Милнер-Гулланд (там же: 108) отмечает три возможности истолковать текст по-бахтински. Во-первых, в диалогизме речь идет о двух сторонах, находящихся в диалогических отношениях друг к другу. Эти стороны можно назвать этим и тем. Во-вторых, в хронотопическом рассмотрении решающую роль играют разные границы. Существование этого и того, в свою очередь, обусловлено границей между ними, которую Хармс называет препятствием. В-третьих, карнавализация тесно связана с гротеском, отношение которого к этому и тому было отмечено выше.

Метафикциональный подход основывается на том, что в самом тексте определенным образом манифестируется фиктивный статус этого текста, вследствие чего в текст встраивается внетекстовая точка зрения на него. Этот случай напоминает ситуацию распада личности: некое гомогенное это порождает некое то, которое при этом отделяется от первого. Наконец, согласно ироническому подходу предполагается, что в тексте утверждается нечто противоположное тому, что выражено на поверхностном уровне. Иными словами, вместо того, чтобы текст говорил об этом, он на самом деле говорит о том.

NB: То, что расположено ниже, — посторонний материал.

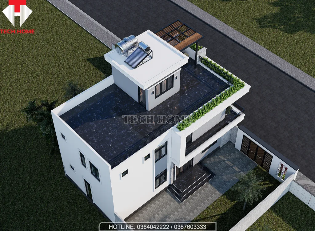 • Sân chơi và sân phơi: Phần lớn diện tích tầng tum được dành cho sân thượng rộng lớn. Tại đây, gia chủ bố trí hệ thống lam che nắng nghệ thuật, có thể đặt bàn trà, trồng cây cảnh, biến nơi đây thành “Sky Bar” tại gia [Hình ảnh phối cảnh].
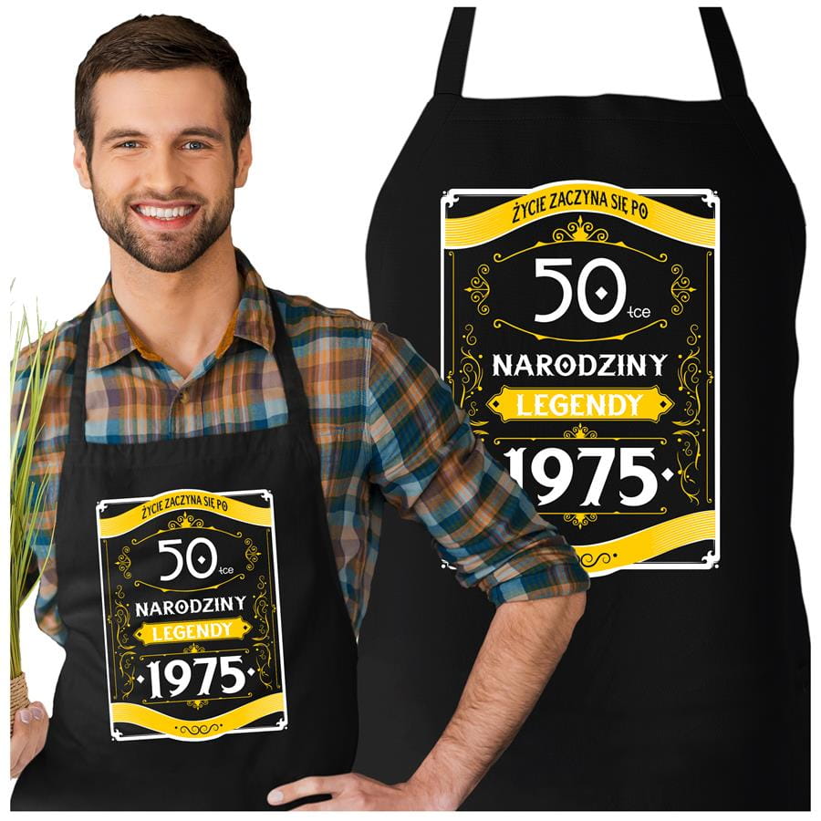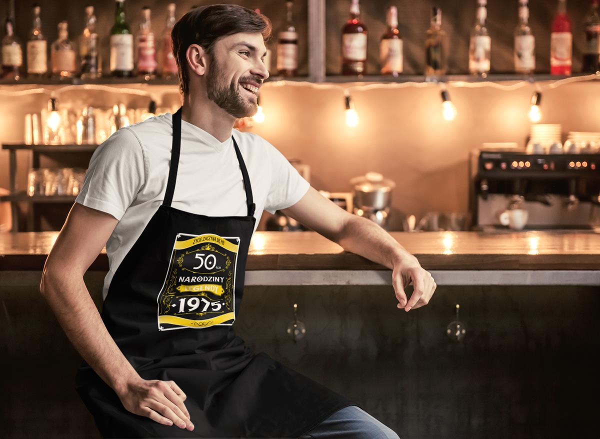 Fartuch na 60 urodziny prezent urodzinowy z napisem: "ŻYCIE ZACZYNA SIĘ PO 60-TCE NARODZINY LEGENDY 1965"
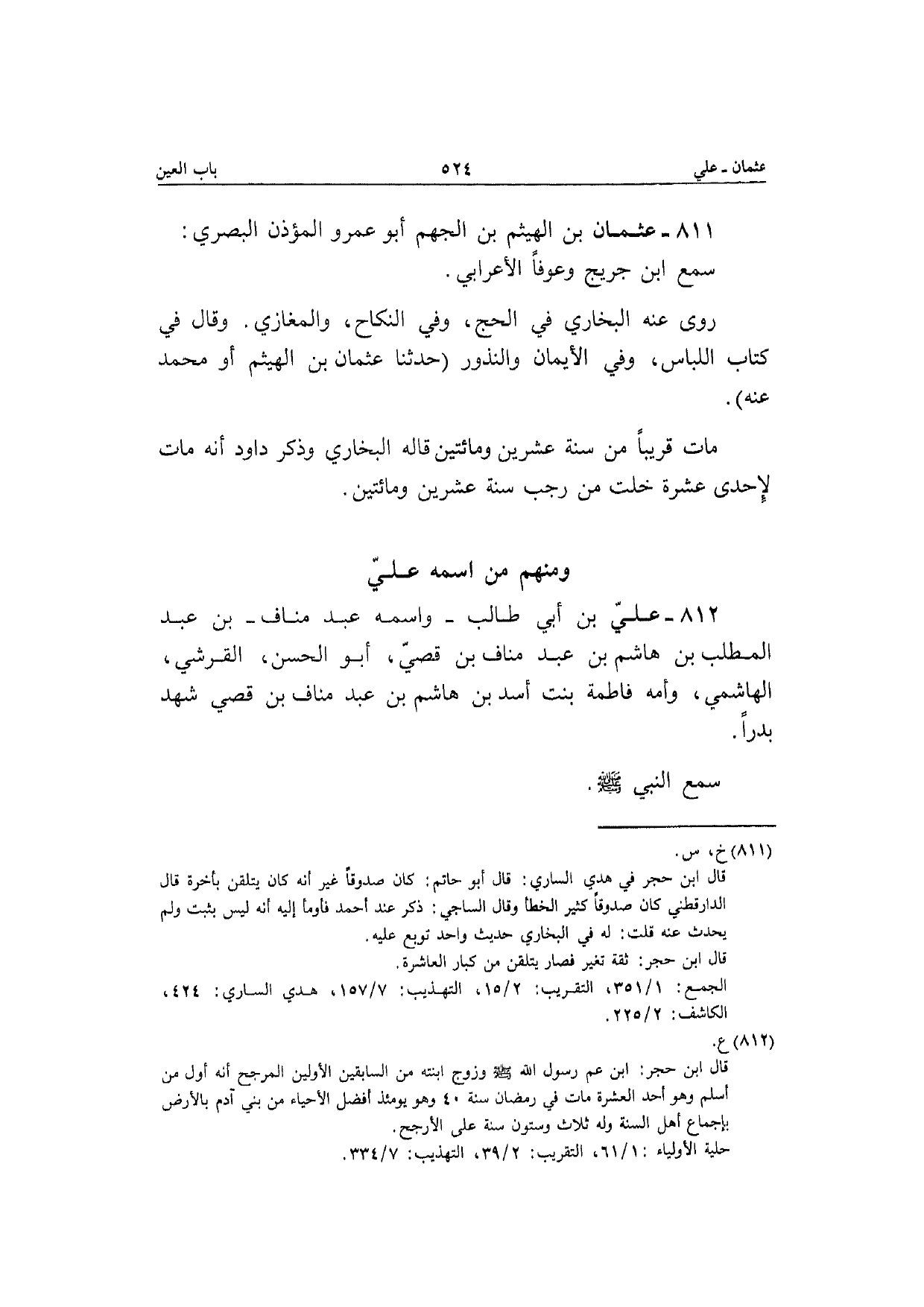 812 - عَلّي بن أبي طَالب واسْمه عبد منَاف بن عبد الْمطلب بن هَاشم بن عبد منَاف بن قصي أَبُو الْحسن الْقرشِي الْهَاشِمِي وَأمه فَاطِمَة بنت أَسد بن هَاشم بن عبد المناف بن قصي شهد بَدْرًا سمع النَّبِي صَلَّى الله عَلَيْهِ وَسلم

Всякий раз, когда в настоящей работе будет применяться определенный подход к изучаемому тексту, связь данного подхода с понятиями этого и того будет анализироваться отдельно.

Ниже в общих чертах будут рассмотрены толкования Старухи, изложенные в исследовательской литературе. В большинстве случаев речь идет о статьях. Рассматриваемые трактовки не будут классифицированы по каким-либо принципам. Можно, однако, отметить, что почти во всех этих трактовках важным аспектом является интертекстуальность — она либо определяет всю интерпретацию, либо служит ее составной частью. Исследования, в которых интертекстуальные связи Старухи играют центральную роль, будут рассмотрены более детально в главе 5 с особым вниманием к этим связям. Ниже отмечается лишь их значение для интерпретации в целом.

Фактором, дифференцирующим разные трактовки, можно считать их позицию по отношению к возможной пародийности или серьезности Старухи. Противоположными в этом отношении являются, с одной стороны, трактовки Кэсседи и Йовановича, подчеркивающие пародийное значение повести, и, с другой стороны, трактовки Нахимовской, Айзлвуда и Кэррика, для которых религиозный план повести имеет наиболее важное значение.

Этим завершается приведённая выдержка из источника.